DoC: Introduction to Machine Learning
Decision Tree Coursework
Instructions for setting up the repo are outlined below.
The report named Intro_to_ML_Report.pdf
can also be found in the repo.
This library supports the training, pruning, and evaluation of decision trees, as well as cross-validation. The data is assumed to be in numpy integer format, with the last column representing class labels.
Clone the repo onto the lab machine using the following command.
git clone https://github.com/IshaanReni/IML_CW1.git
The files run.py
and run_cross_val.py
are examples of how to interface with the classes and functions in the library.
Load other datasets into intro2ML-coursework1/wifi_db/
. All datasets must be in .txt
format.
In order to run training, pruning, and evaluation once, use the following command in the IML_CW1 directory:
python3 run.py [dataset-filename]
The optional argument [dataset-filename] replaces the default .txt
file with the specified .txt
file (in intro2ML-coursework1/wifi_db/
directory). The .txt
file extension must be mentioned.
Alternatively, the default file_name variable in run.py
can be changed.
Similarly, cross-validation can be performed using the command:
python3 run_cross_val.py [dataset-filename]

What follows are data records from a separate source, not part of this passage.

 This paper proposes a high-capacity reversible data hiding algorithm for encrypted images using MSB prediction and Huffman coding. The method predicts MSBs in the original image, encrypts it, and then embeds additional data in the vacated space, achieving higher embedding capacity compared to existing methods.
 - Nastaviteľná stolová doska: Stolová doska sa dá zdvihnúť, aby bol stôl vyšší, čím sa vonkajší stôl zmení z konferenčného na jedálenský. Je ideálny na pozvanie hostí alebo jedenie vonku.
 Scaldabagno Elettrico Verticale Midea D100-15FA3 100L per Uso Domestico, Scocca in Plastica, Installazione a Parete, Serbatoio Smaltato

In the case that a new top-level script is to be made, the key functions are described below.
(The library stores nodes and trees as objects, as OOP is used. Classifier
denotes the class in which the class method resides.)
from prepare_data import prepare_data
training_data, validation_data, test_data = prepare_data(full_dataset, test_prop=0.1, val_prop=0.1, random_gen=np.random.default_rng(8), save_name=None)

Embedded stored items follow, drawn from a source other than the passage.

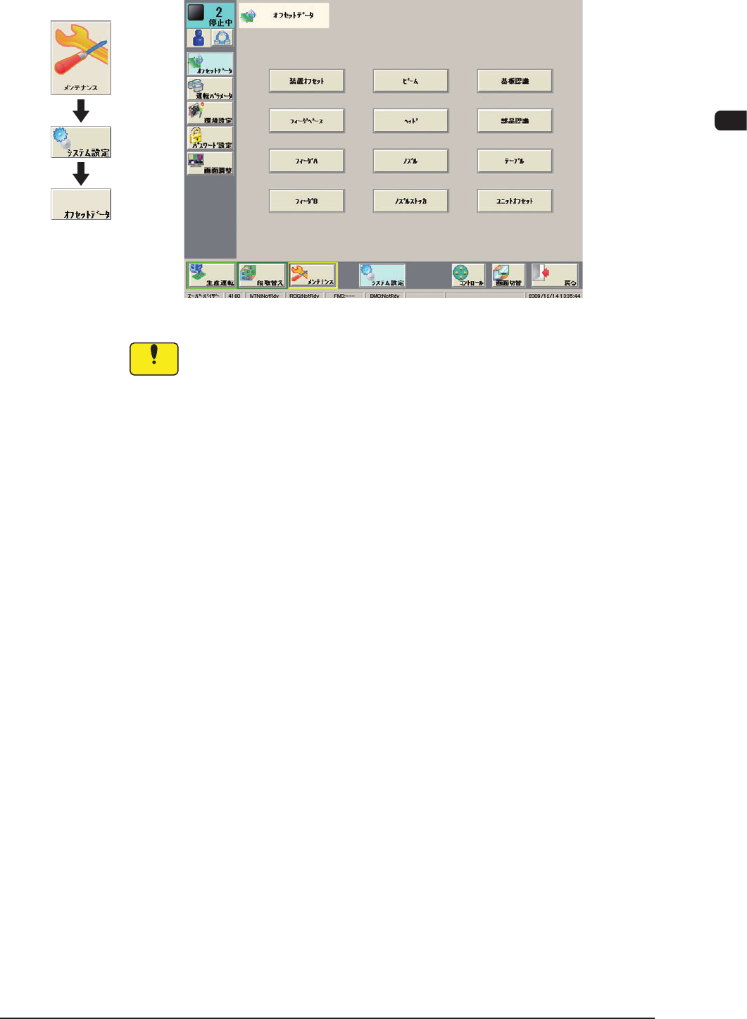 7OM-1601 3-16 3 章 2. システム設定メニュー 0906-001 2.1.1 フィーダ B [1] [2] [3] [5] [4] [6] F7C16 フィーダオフセット B は フィーダのバラツキを補正するデータです。 • X/Y データについては、 自動運転中に部品認識処理 ( ノズル中心と部品中心との位置関係把握 ) され、 部品中心での吸着になるように、 自動的にデータが更新されます。 ( 通常は、データ入力する…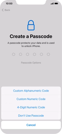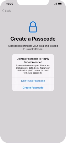 Follow the instructions on the screen to turn on use of phone lock code or press Don't Use Passcode.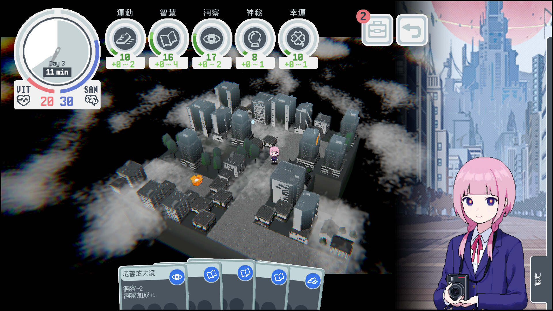 各事件將會針對「運動」、「智慧」、「洞察」、「神秘」、「幸運」這五個屬性進行「調查判定」。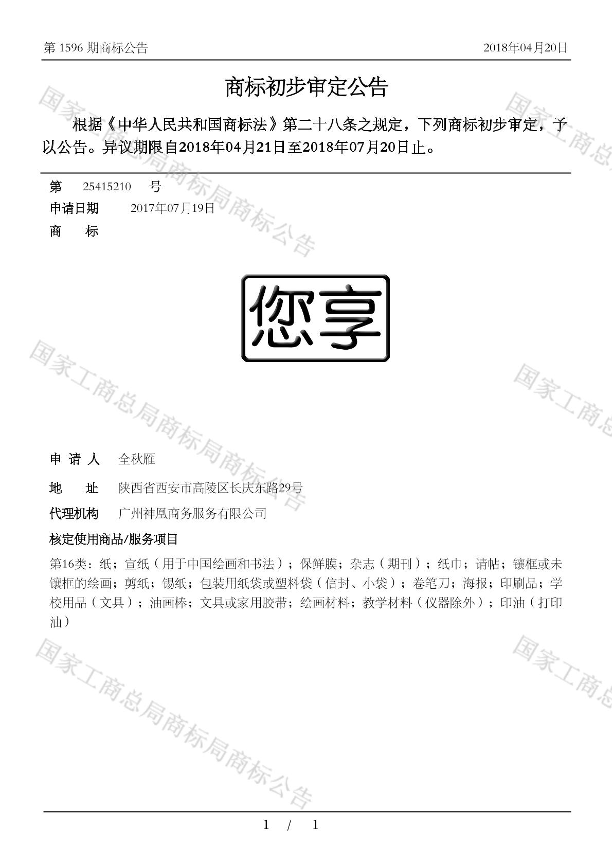 有效期限:2028-07-20 组合类型:中文注册号:25415210

This function splits the full dataset (numpy array) into usable training, validation, and test data numpy arrays, in the proportions specified. The random generator can be overwritten if a different seed is desired.
If the save_name
variable is a string, the function will also save the output arrays as txt files in intro2ML-coursework1/wifi_db/
.
from decision_tree import Classifier
tree = Classifier.fit(training_data, max_depth=999)
Returns a tree trained on the input training data (numpy array). Optional maximum depth can be specified for early stopping regularisation, debugging, or simpler graphs.
from decision_tree import Classifier
pruned_tree, depth = Classifier.prune(tree, validation_data)
Returns a copy of the input tree which is pruned using validation data, along with its depth (tuple).
from decision_tree import Classifier
predictions = Classifier.predict(tree, test_data[:,:-1])
Returns an array of predictions by the input tree, for each test in a test set. The function will work regardless of if the test class labels are sent into the function.
import evaluation
confusion_matrix = evaluation.calc_confusion_matrix(test_data, predictions)
accuracy = evaluation.calc_accuracy(test_data, predictions)
precisions = evaluation.calc_precision(confusion_matrix)
recalls = evaluation.calc_recall(confusion_matrix)
f1s = evaluation.calc_F1(precisions, recalls)
calc_confusion_matrix
returns an N×N confusion matrix, where N is the number of unique classes.
The accuracy function doesn't use the confusion matrix to preclude the matrix needing to be made every fold in cross-validation (optimisation).
Other evaluation functions use the matrix to return a per-class list of values.
from decision_tree import Classifier
nodes, leaves, depth = tree.tree_properties(tree.root)
nodes = tree.get_nodes()
leaves = tree.get_leaves()
depth = tree.get_depth()
Getter functions for obtaining tree statistics
from prepare_data_cross_val import prepare_data_cross_val
test_folds, val_folds, train_folds = prepare_data_cross_val(full_dataset, random_gen=np.random.default_rng(8), outer_folds=10, inner_folds=9)
Creates lists of data to be used in folds. test_folds
is outer_folds
long whereas val_folds
and train_folds
is outer_folds
×inner_folds
long.
Defaults to 10:10:80 split (90 folds in total).
from cross_validation import cross_validation
cross_validation(test_folds, val_folds, train_folds, outer_folds, inner_folds)
Runs outer_folds
×inner_folds
cross-validation on the data. Prints metrics every fold (pre- and post-pruning), and gives overall metrics at the end.
from decision_tree import Classifier
tree.print_tree()
Creates a matplotlib
visualisation of the tree. Usually run last, as it halts the program while the graph window is open.